Ticker | No of HFs with positions | Total Value of HF Positions (x1000) | Change in HF Position |
---|---|---|---|
SCHN | 12 | 28629 | -2 |
WLH | 24 | 151171 | 1 |
ZEAL | 2 | 21766 | 0 |
TPC | 6 | 8759 | -6 |
Average | 11 | 52581 | -1.75 |
View table here if you experience formatting issues.
As you can see these stocks had an average of 11 hedge funds with bullish positions and the average amount invested in these stocks was $53 million. That figure was $17 million in GLT’s case. William Lyon Homes (NYSE:WLH) is the most popular stock in this table. On the other hand Zealand Pharma A/S (NASDAQ:ZEAL) is the least popular one with only 2 bullish hedge fund positions.

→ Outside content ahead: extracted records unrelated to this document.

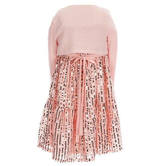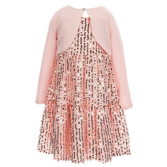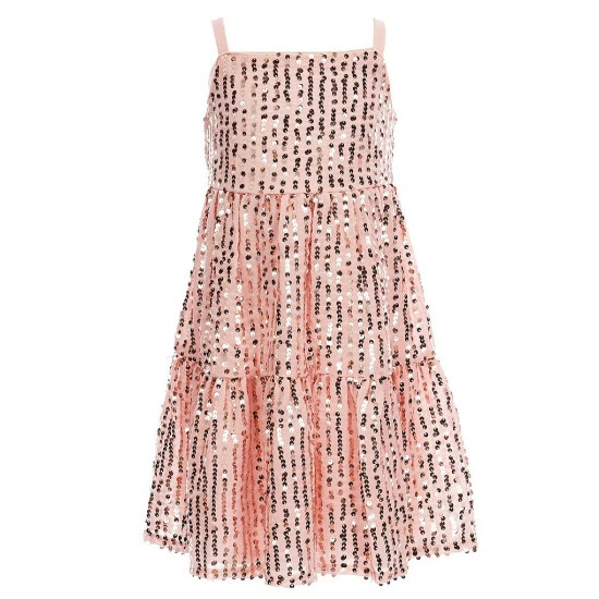 - Sequin-embellished fabric dress, sleeveless, tank straps, elastic waist, sip back closure, tiered skirt, knee length
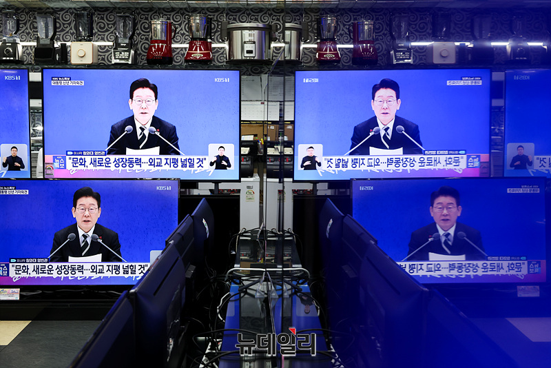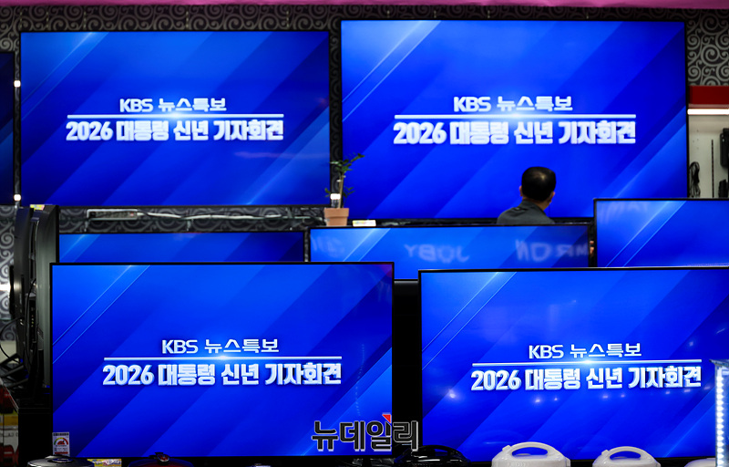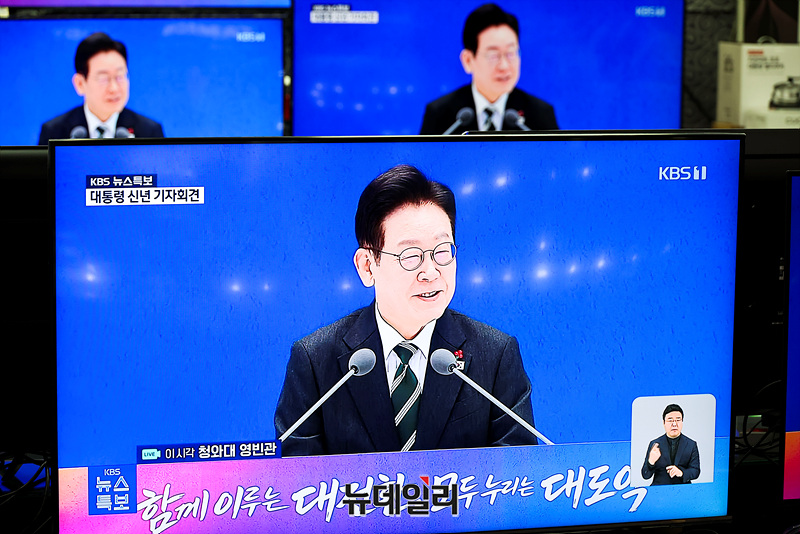 이재명 대통령 집권 2년차를 맞아 진행된 신년 기자회견이 21일 오전 서울 용산구 전자랜드 한 매장에서 송출되고 있다.
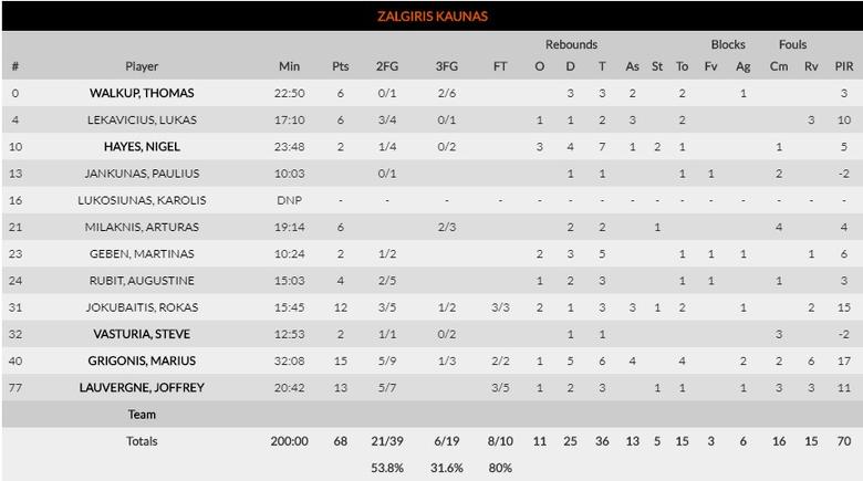 El segundo partido también se saldó con una sorpresa. Es cierto que son dos equipos por hacer, especialmente Zalgiris, pero a priori se espera más de los de Bartzokas con la vuelta de Sloukas y buenos fichajes como Harrison o Martin. Pero el retorno del hijo pródigo no fue el deseado, ya que además de su flojo partido (6 de valoración) se vio superado por un jovenzuelo descarado con el clásico talento lituano a lo largo del último cuarto y no fue capaz de levantar el balón en la última jugada para intentar el tiro ganador. Rokas Jokubaitis batió sus récords personales con 12 puntos, 3 rebotes, 3 asistencias y 15 de valoración en tan solo 15:45 minutos pero es que además anotó 5 de los últimos 8 puntos de su equipo para ponerse por delante y cerrar el partido anotando los dos libres definitivos. Habrá que seguir muy de cerca a este joven exterior, que remató un partido en el que el mejor fue el ex ACB Marius Grigonis, bien acompañado por otro ex como Lauvergne.
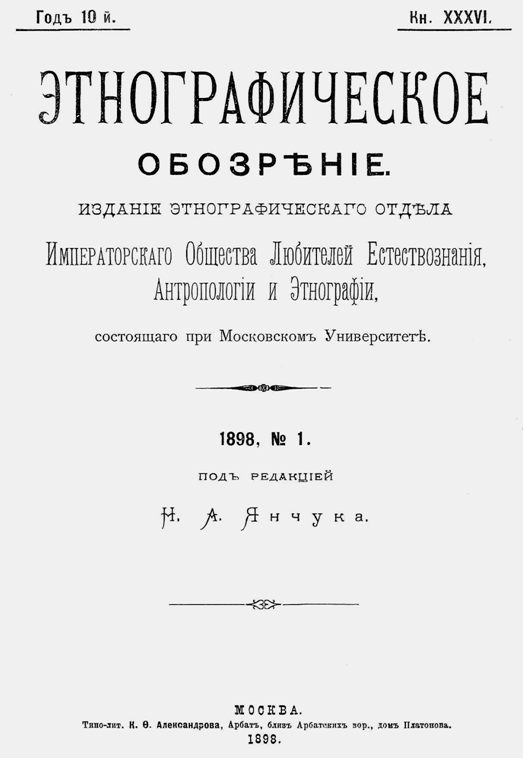 /Этнографическое Обозрѣніе. 1898, № 1. Москва. 1898. С. 101-113./
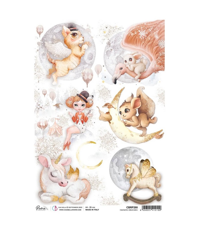 Papier de riz imprimé Ciao Bella 21 x 29.7 cm. Collection DREAMLAND.
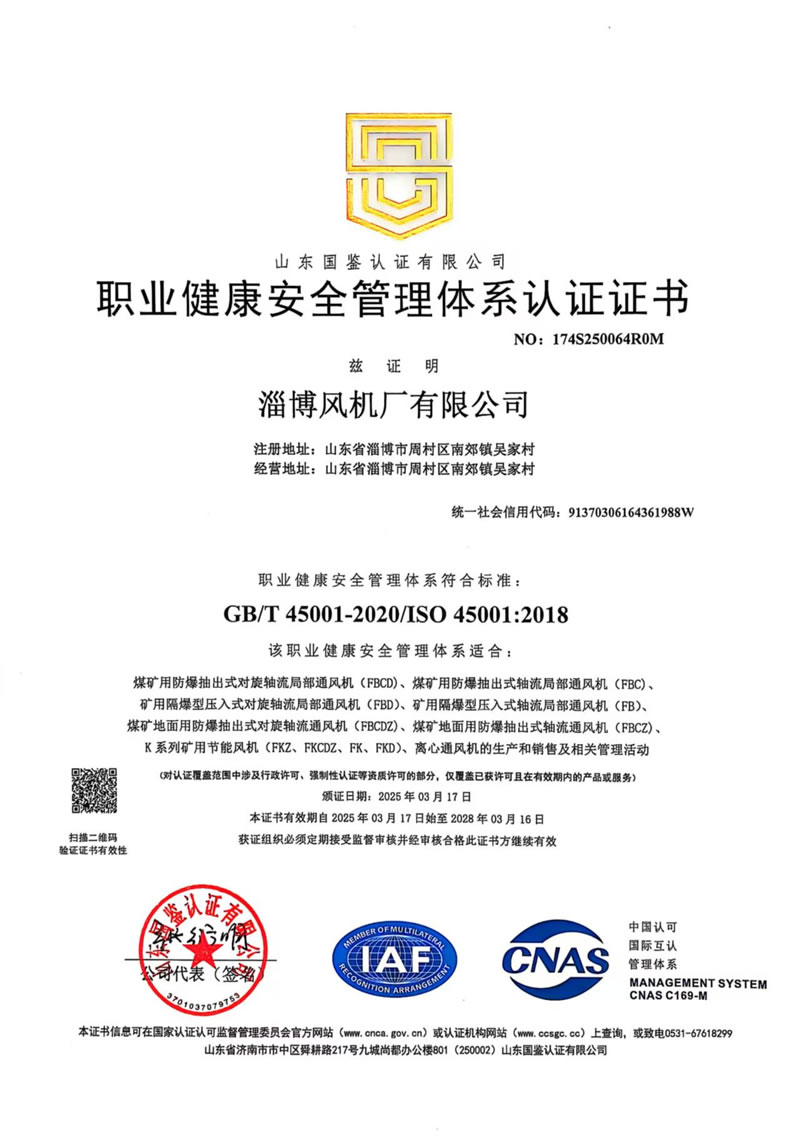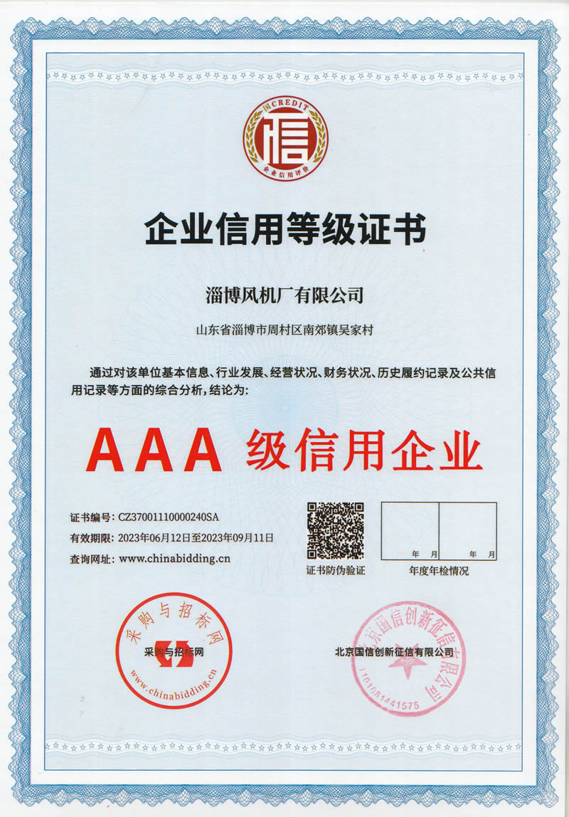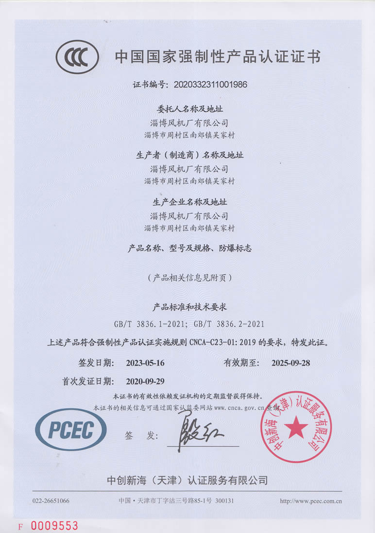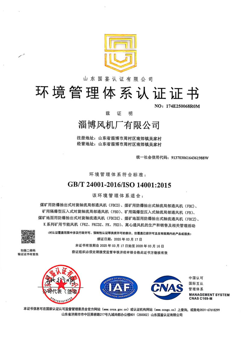 熱烈慶祝:一、淄博風機廠有限公司全系產(chǎn)品通過能效綠色節(jié)能環(huán)保二級認證. 二、 淄博風機廠有限公司通過安全標準化驗收合格. 三、注冊資金增資至7800萬.
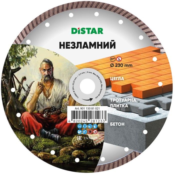 Алмазний відрізний диск Distar Turbo - це інструмент високої якості для швидкого та точного різання каменю, бетону, цегли, кераміки та інших будівельних матеріалів. Даний диск має діаметр 230 мм, товщину 2,3 мм та посадковий отвір 22,23 мм. Виготовлений зі спеціального абразивного матеріалу, що забезпечує тривалий термін служби та високу продуктивність. Ідеально підходить для професійного використання в будівельній сфері.
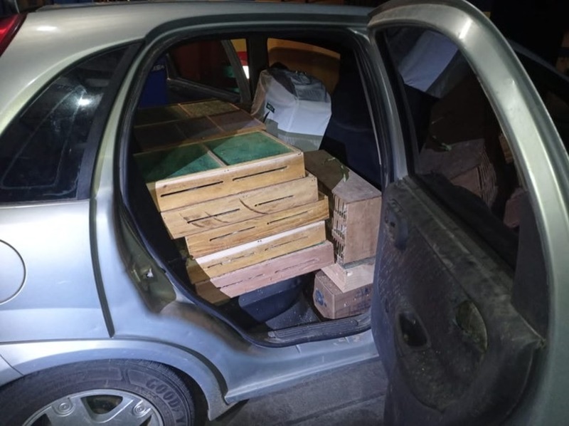 Em seguida, os policiais realizaram os procedimentos de fiscalização e após uma revista no carro foram encontradas cerca de 2.000 pássaros e jabutis que estavam amontoados no interior do veículo e também no porta-malas.
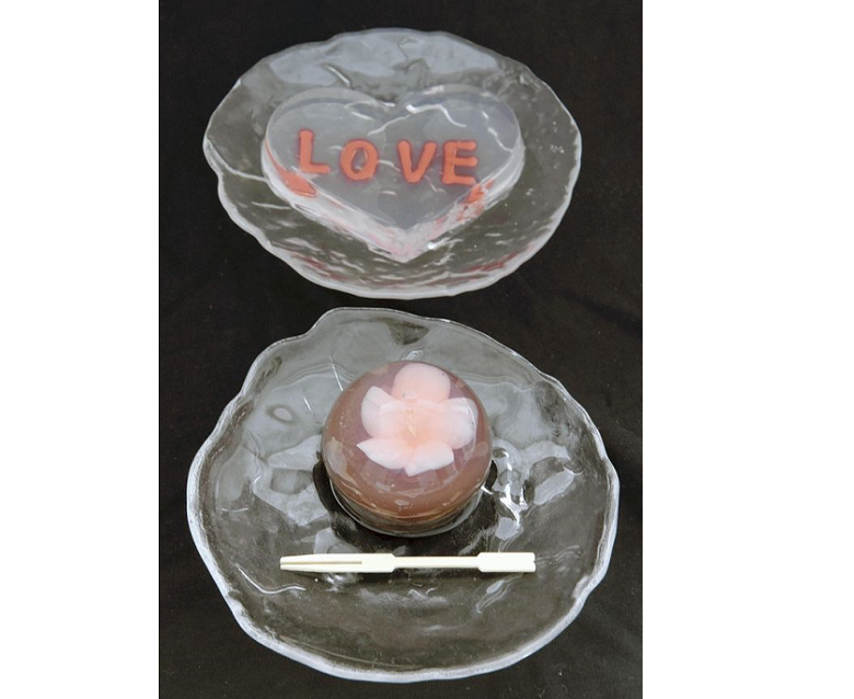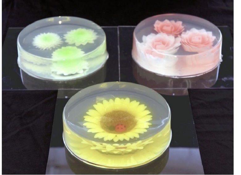 You may think they are elaborate ornaments with vividly coloured flowers inside a transparent piece of glass or plastic. But both the flowers and the "containers" are actually jelly - a new type of dessert dubbed a "flower jelly" in Japan.
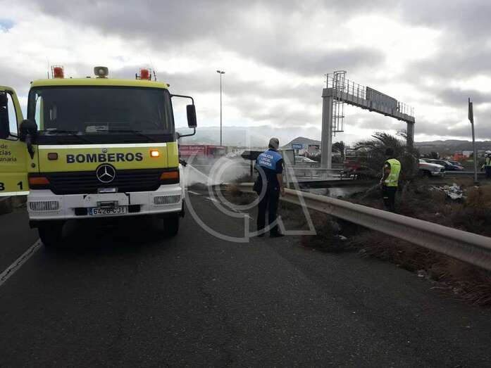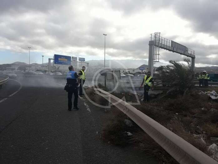 Telde.- Basura acumulada en las proximidades del acceso a Leroy Merlin desde la autovía GC-1 comenzó a arder hace unos minutos originando un conato de incendio que está ocasionado retenciones en la arteria principal de la Isla en dirección hacia la capital por el efecto mirón.
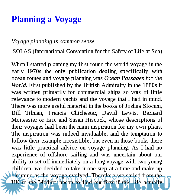 Year: 2012 Language: english Author: Jimmy Cornell Genre: Guide Publisher: Adlard Coles Nautical Edition: First ISBN: 978-1-4081-5631-5 Format: EPUB Quality: eBook Pages count: 1150 Description: Planning a voyage from anywhere in the world to anywhere in the world. This book is not only a valuable tool for sailors planing a voyage but it should appeal also to those who are still at the dreaming stage, in spirit already roaming the oceans. Cornell weighs up the pros and cons of various routes in every ocean, whether a one-way or round trip. All this in a style that comes obviously from the pen of a professional with great personal experience. This book provides more than just knowhow: it entertains and is pure enjoyment. In one word: it makes you want to go, and this is what makes Jimmy Cornell’s book so special.
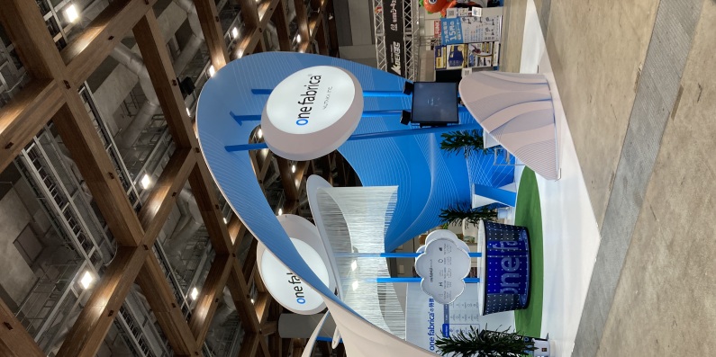 onefabrica認知度向上のために展示会に出展。曲線を多用し、他にないデザインのブースを実現。
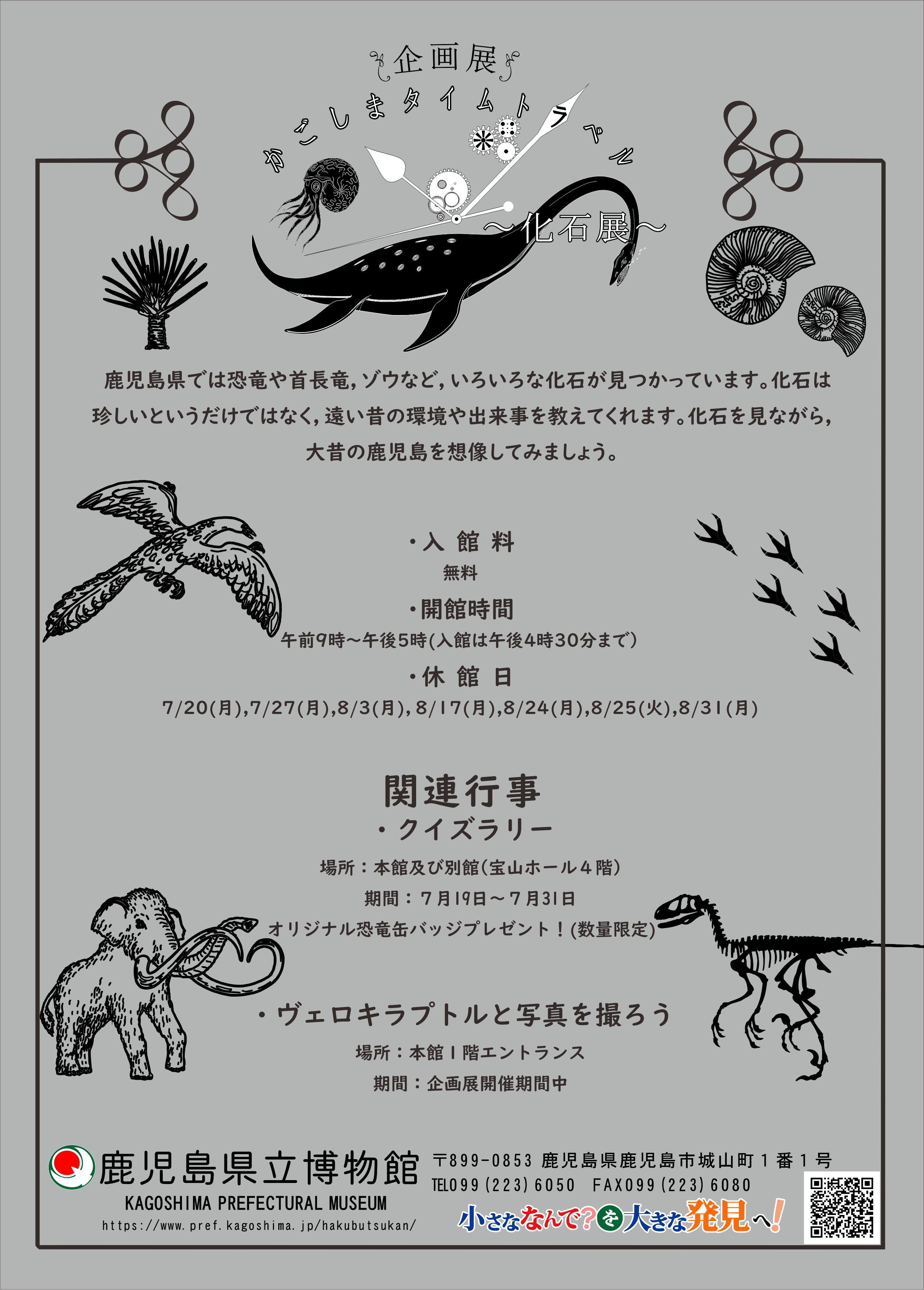 鹿児島県では恐竜や首長竜,ゾウなど,いろいろな化石が見つかっています。化石は珍しいというだけでなく,遠い昔の環境や出来事を教えてくれます。化石を見ながら,大昔の鹿児島を想像してみましょう。
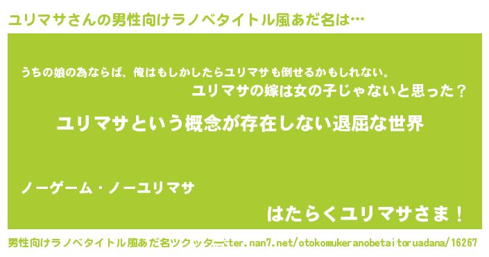 | 意味不明あだ名 | 『永久保存ユリマサ』『自称ユリマサ』 |
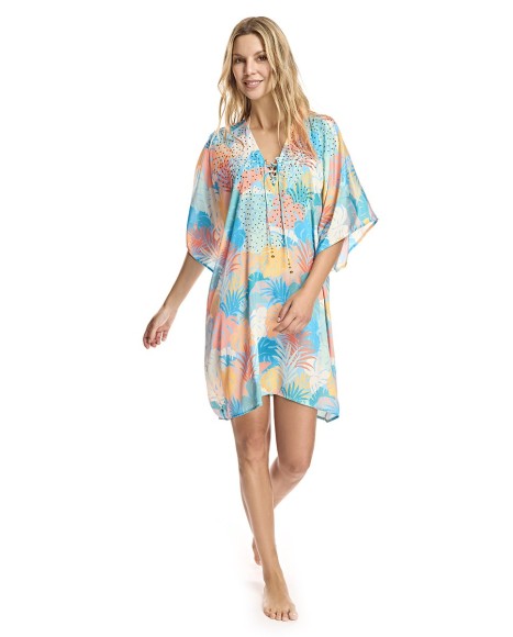 Kaftan Ory con estampado de hojas en tonos pastel. Composición: 100% Poliéster Instrucciones de lavado: Lavar a mano / No usar secadora / No planchar / No usar lejía / No lavar en seco / No escurrir
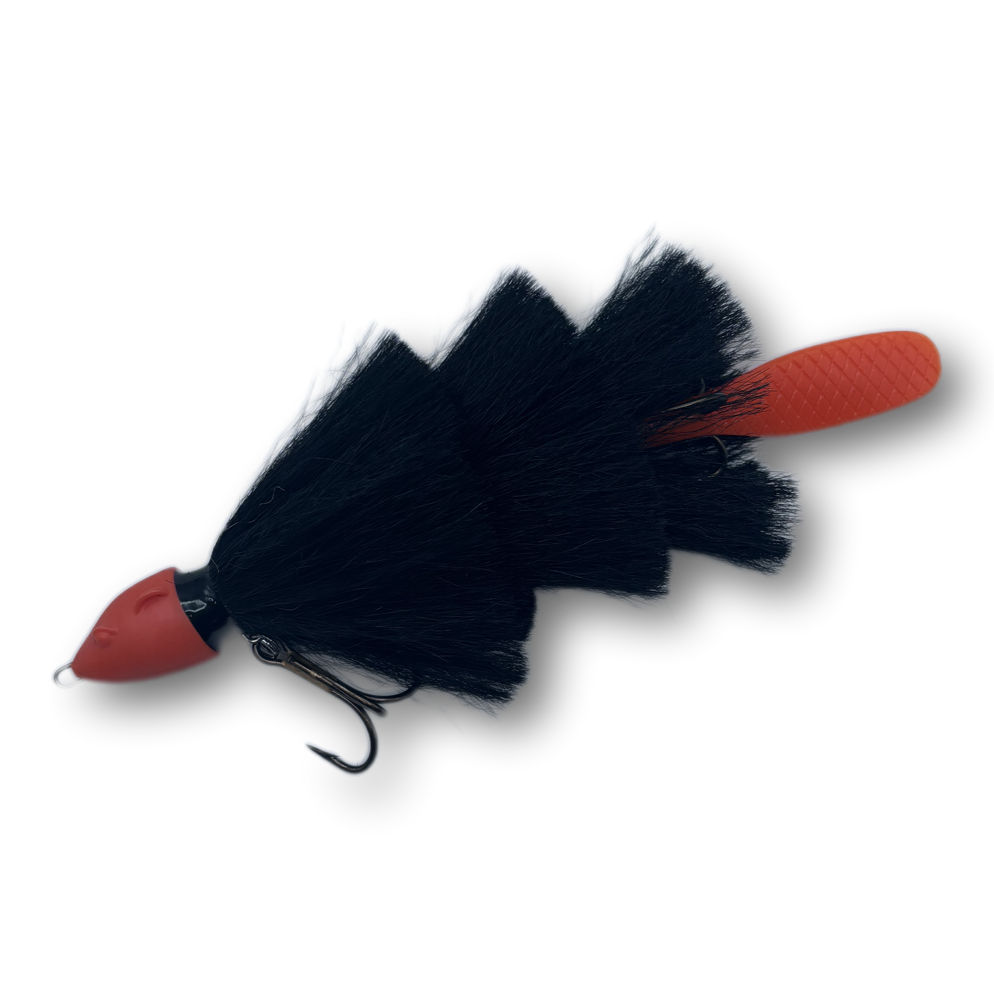 The Beaver is a truly revolutionary bait that can be used as a swimbait, jerkbait, or you can burn it in. It is tough to work it the wrong way! It has the lifelike appearance of a fly combined with the toughness of a conventional bait. This is a bait that every musky angler needs to have in their arsenal! Built on hard plastic as a base with synthetic fibers and flash tied on to give it moment and action that no other bait can replicate.

P.H. Glatfelter Company (NYSE:GLT) is not the least popular stock in this group but hedge fund interest is still below average. This is a slightly negative signal and we’d rather spend our time researching stocks that hedge funds are piling on. Our calculations showed that top 20 most popular stocks among hedge funds returned 24.4% in 2019 through September 30th and outperformed the S&P 500 ETF (SPY) by 4 percentage points. Unfortunately GLT wasn’t nearly as popular as these 20 stocks (hedge fund sentiment was quite bearish); GLT investors were disappointed as the stock returned -8.1% during the third quarter and underperformed the market. If you are interested in investing in large cap stocks with huge upside potential, you should check out the top 20 most popular stocks among hedge funds as many of these stocks already outperformed the market so far in 2019.